Forum kapsamında düzenlenen “Uluslararası Türk Franchising ve Ticaret Ajansları Konferansı” ile Suudi Arabistan’dan çok sayıda seçkin şirket temsilcisi İGÜ’de ağırlandı. Aktifliğin tertibinde vazife alan İGÜ Uluslararası Öğrenci Müdürlüğü Müdür Yardımcısı Alkan Kotro, öğrencilere milletlerarası seviyede staj ve iş imkânları sunarak meslek gelişimlerine katkı sağlamayı hedeflediklerini belirtti. Yiyecek-içecekten sıhhate, hoşluktan modaya uzanan stratejik dalların ön plana çıktığı forumda; birebir iş görüşmeleri, uzmanlık oturumları ve dijital tanıtım platformları aracılığıyla yeni paydaşlıklar kurulması amaçlandı.
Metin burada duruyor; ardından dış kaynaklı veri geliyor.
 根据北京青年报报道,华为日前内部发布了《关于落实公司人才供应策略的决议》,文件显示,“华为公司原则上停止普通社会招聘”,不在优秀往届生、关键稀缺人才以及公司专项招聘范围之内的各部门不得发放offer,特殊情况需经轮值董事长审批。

Ticaret Bakan Yardımcısı Gürcan: Daha güçlü bağlar kurmalıyız
Ticaret Bakan Yardımcısı Mahmut Gürcan forumda yaptığı konuşmada, Türkiye ile Suudi Arabistan ortasındaki stratejik iştirakin ekonomik boyutunun geliştirilmesinin ehemmiyetine vurgu yaptı:
“Türkiye’yle Suudi Arabistan tarihi ve kültürel açıdan birbirlerine yakın, stratejik iştirak içinde olan fakat ticari ve ekonomik iş birliği konusunda hala atılacak adımları bulunan iki kardeş ülkedir. Stratejik ortaklığımızı daha sıkı ticaret ve yatırım bağlarıyla güçlendirmemiz, dünyanın bugün geldiği nokta göz önüne alındığında elzemdir. Bugün bizleri bir ortaya getiren etkinliklerde ülkelerimizin birbirine verdiği kıymetin ve bağları geliştirme uğraşının en somut adımlarından birisidir. Bu vesileyle Memleketler arası Türk Franchising ve Ticaret Ajansları Forumuna nazik davetleri için konut sahiplerimize teşekkür ediyorum.”
“Bu buluşma manevi dayanışmanın da ifadesidir”
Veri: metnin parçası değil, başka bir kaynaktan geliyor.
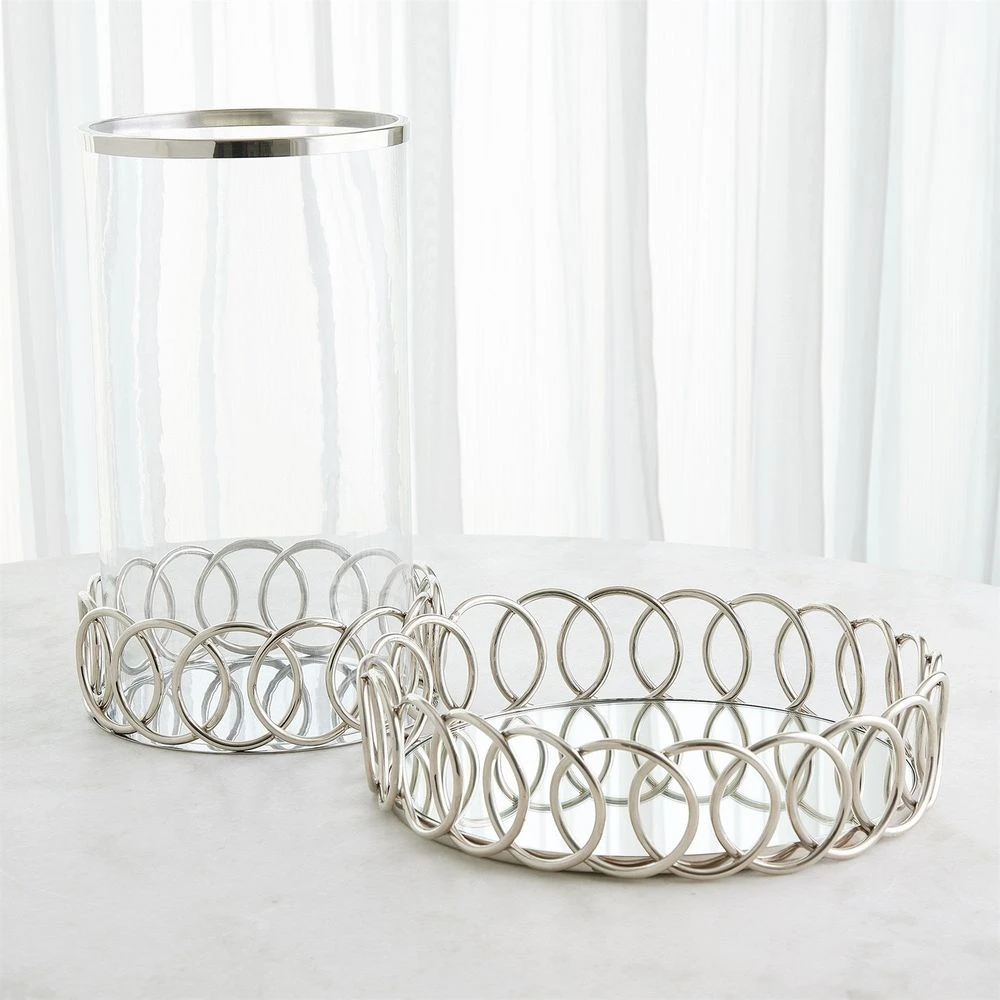 Description: The Loops Hurricane & Tray are a stunning blend of craftsmanship and style, handcrafted from stainless steel with a sleek nickel finish. These elegant pieces are perfect for adding modern sophistication to any space.

Etkinlikte söz alan İstanbul Gelişim Üniversitesi Mütevelli Heyeti Başkanı Abdülkadir Gayretli, Türkiye’nin İslam coğrafyasındaki sorumluluğuna ve birlik ihtiyacına vurgu yaparak şu değerlendirmelerde bulundu:
“Bugün, İslam dünyasının her zamankinden daha fazla birlik ve beraberliğe muhtaçlık duyduğu bir devirden geçiyoruz. Türkiye, bu coğrafyada tarihi liderliğini her vakit ortaya koymuş bir ülke olarak, yeniden sorumluluk üstleniyor ve öncülük ediyor. Bu buluşma, yalnızca ekonomik değil; tıpkı vakitte manevi bir dayanışmanın da tabiridir. Daima birlikte, daha düzgün bir geleceğe yürümek ve her geçen gün kendimizi geliştirmek zorundayız. Benim için bu aktiflik, sadece bir tertip değil; birebir vakitte ferdî bir hayalin gerçekleşmesidir. Lise yıllarımda kurduğum, Türkiye’nin milletlerarası platformlarda daha görünür, daha aktif ve daha güçlü bir rol üstlenmesine dair hayallerim, bugün üniversitemiz aracılığıyla hayat buluyor. Tüm uğraşım; çocuklarımızın, torunlarımızın ve bu ülkenin gençlerinin daha âlâ bir geleceğe sahip olması içindir.”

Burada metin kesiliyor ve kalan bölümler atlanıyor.